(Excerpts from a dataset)

┄┄┄┄┄┄┄┄┄┄

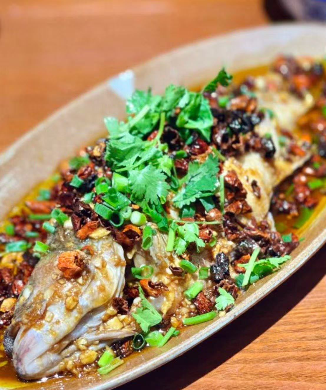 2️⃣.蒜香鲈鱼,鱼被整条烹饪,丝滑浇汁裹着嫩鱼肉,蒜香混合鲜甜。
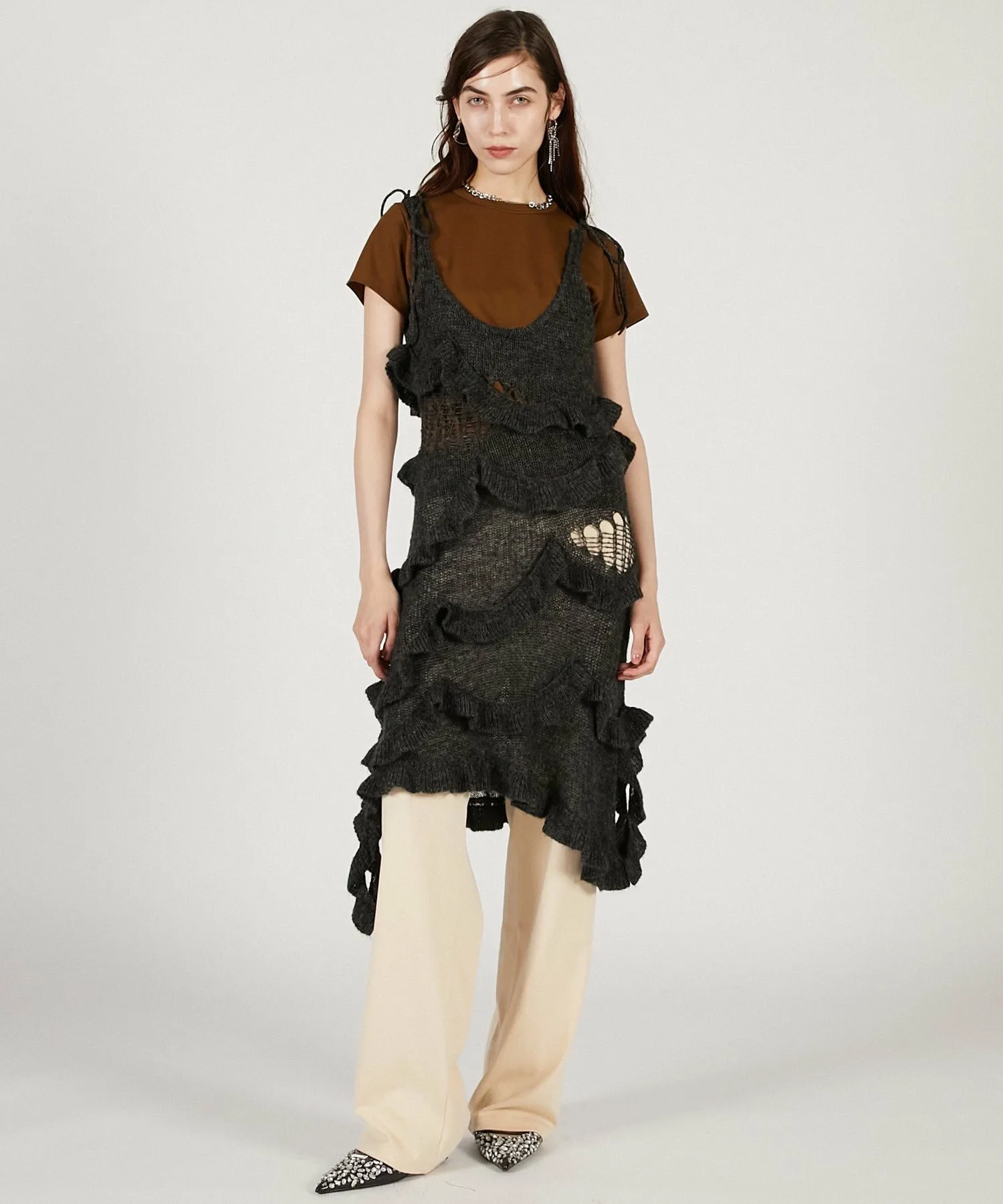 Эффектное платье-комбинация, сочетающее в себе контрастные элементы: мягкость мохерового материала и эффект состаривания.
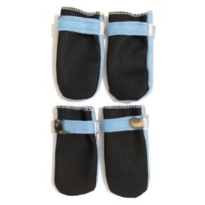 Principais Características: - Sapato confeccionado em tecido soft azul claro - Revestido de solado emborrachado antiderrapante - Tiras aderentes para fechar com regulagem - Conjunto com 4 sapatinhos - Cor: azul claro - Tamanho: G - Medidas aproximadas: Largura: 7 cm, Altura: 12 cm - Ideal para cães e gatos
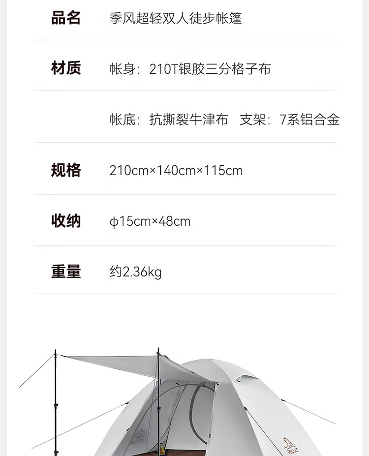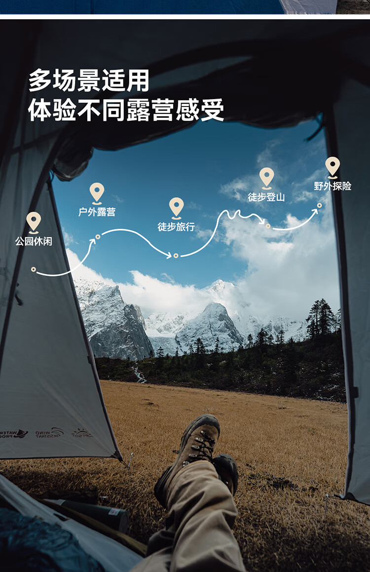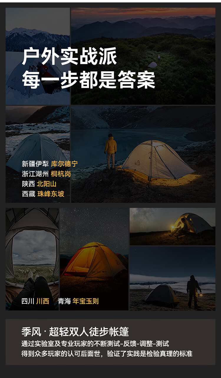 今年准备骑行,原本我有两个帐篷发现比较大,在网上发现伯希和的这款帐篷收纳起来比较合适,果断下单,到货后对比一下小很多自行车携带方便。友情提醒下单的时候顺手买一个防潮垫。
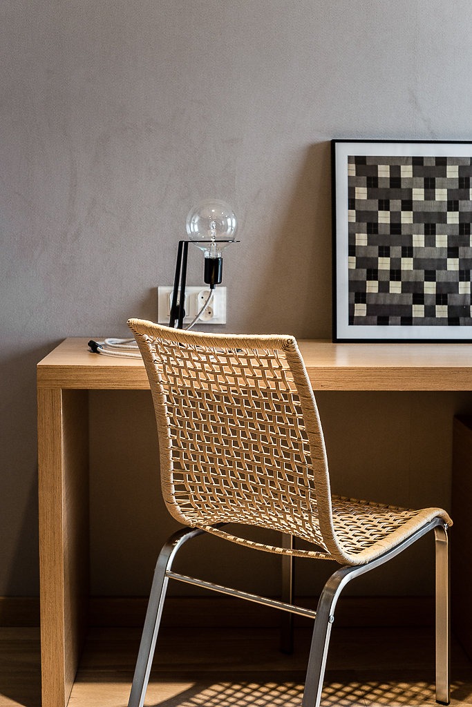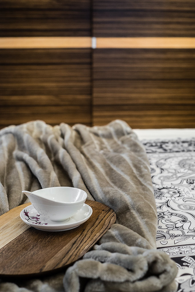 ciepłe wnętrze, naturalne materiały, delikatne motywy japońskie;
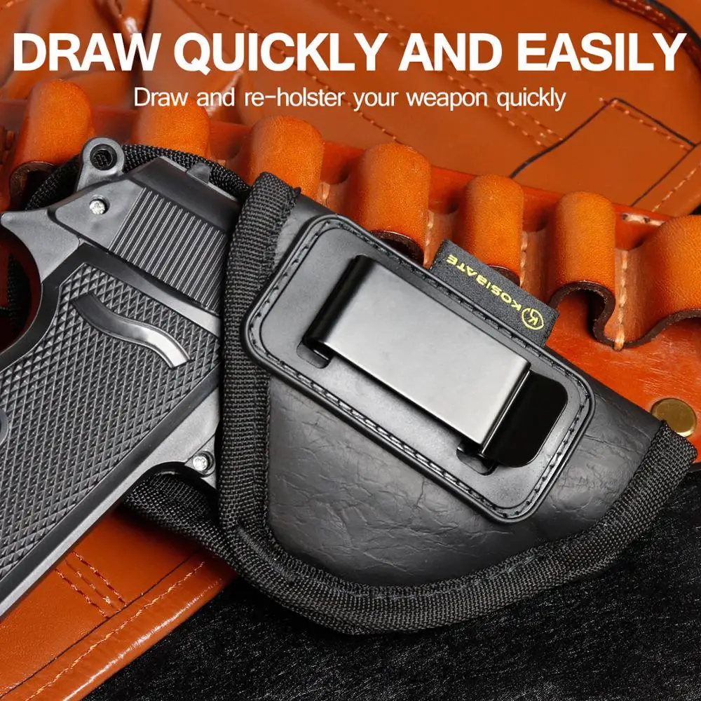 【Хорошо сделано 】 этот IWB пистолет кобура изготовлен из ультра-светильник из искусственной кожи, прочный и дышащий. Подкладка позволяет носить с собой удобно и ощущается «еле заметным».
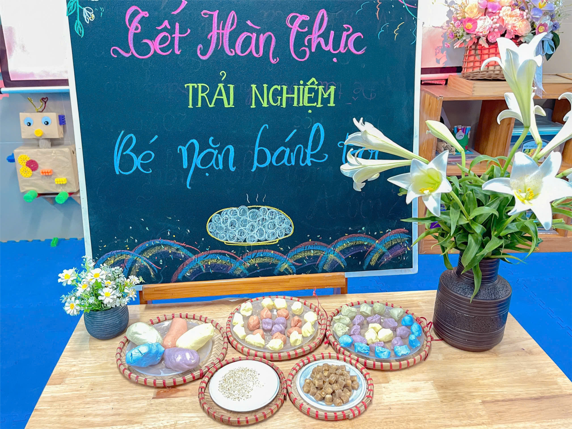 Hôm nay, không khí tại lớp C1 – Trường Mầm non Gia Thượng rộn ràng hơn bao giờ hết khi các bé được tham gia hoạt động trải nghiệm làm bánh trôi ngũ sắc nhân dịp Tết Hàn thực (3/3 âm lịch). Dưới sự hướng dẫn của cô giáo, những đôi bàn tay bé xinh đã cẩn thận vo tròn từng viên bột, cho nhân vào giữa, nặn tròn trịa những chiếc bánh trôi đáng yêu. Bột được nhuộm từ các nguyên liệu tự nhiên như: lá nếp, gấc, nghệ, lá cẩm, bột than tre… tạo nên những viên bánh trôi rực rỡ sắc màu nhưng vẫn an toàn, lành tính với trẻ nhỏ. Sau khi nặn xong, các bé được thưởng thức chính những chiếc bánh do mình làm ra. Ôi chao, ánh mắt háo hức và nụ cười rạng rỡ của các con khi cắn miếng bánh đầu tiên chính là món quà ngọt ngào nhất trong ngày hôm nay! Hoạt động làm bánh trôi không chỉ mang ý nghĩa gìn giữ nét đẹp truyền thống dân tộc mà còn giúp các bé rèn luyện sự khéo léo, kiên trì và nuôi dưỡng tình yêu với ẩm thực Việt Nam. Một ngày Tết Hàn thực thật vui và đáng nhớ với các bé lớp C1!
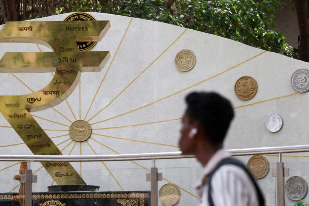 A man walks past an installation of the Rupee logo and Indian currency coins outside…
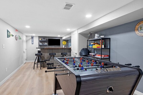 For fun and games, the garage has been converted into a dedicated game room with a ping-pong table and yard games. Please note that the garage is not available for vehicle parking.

┄┄┄┄┄┄┄┄┄┄

Each record above is to be restated exactly, with its pictures removed from the copy.

◆ **ANSWER BOX**
 2️⃣.蒜香鲈鱼,鱼被整条烹饪,丝滑浇汁裹着嫩鱼肉,蒜香混合鲜甜。
 Эффектное платье-комбинация, сочетающее в себе контрастные элементы: мягкость мохерового материала и эффект состаривания.
 Principais Características: - Sapato confeccionado em tecido soft azul claro - Revestido de solado emborrachado antiderrapante - Tiras aderentes para fechar com regulagem - Conjunto com 4 sapatinhos - Cor: azul claro - Tamanho: G - Medidas aproximadas: Largura: 7 cm, Altura: 12 cm - Ideal para cães e gatos
 今年准备骑行,原本我有两个帐篷发现比较大,在网上发现伯希和的这款帐篷收纳起来比较合适,果断下单,到货后对比一下小很多自行车携带方便。友情提醒下单的时候顺手买一个防潮垫。
 ciepłe wnętrze, naturalne materiały, delikatne motywy japońskie;
 【Хорошо сделано 】 этот IWB пистолет кобура изготовлен из ультра-светильник из искусственной кожи, прочный и дышащий. Подкладка позволяет носить с собой удобно и ощущается «еле заметным».
 Hôm nay, không khí tại lớp C1 – Trường Mầm non Gia Thượng rộn ràng hơn bao giờ hết khi các bé được tham gia hoạt động trải nghiệm làm bánh trôi ngũ sắc nhân dịp Tết Hàn thực (3/3 âm lịch). Dưới sự hướng dẫn của cô giáo, những đôi bàn tay bé xinh đã cẩn thận vo tròn từng viên bột, cho nhân vào giữa, nặn tròn trịa những chiếc bánh trôi đáng yêu. Bột được nhuộm từ các nguyên liệu tự nhiên như: lá nếp, gấc, nghệ, lá cẩm, bột than tre… tạo nên những viên bánh trôi rực rỡ sắc màu nhưng vẫn an toàn, lành tính với trẻ nhỏ. Sau khi nặn xong, các bé được thưởng thức chính những chiếc bánh do mình làm ra. Ôi chao, ánh mắt háo hức và nụ cười rạng rỡ của các con khi cắn miếng bánh đầu tiên chính là món quà ngọt ngào nhất trong ngày hôm nay! Hoạt động làm bánh trôi không chỉ mang ý nghĩa gìn giữ nét đẹp truyền thống dân tộc mà còn giúp các bé rèn luyện sự khéo léo, kiên trì và nuôi dưỡng tình yêu với ẩm thực Việt Nam. Một ngày Tết Hàn thực thật vui và đáng nhớ với các bé lớp C1!
 A man walks past an installation of the Rupee logo and Indian currency coins outside…
 For fun and games, the garage has been converted into a dedicated game room with a ping-pong table and yard games. Please note that the garage is not available for vehicle parking.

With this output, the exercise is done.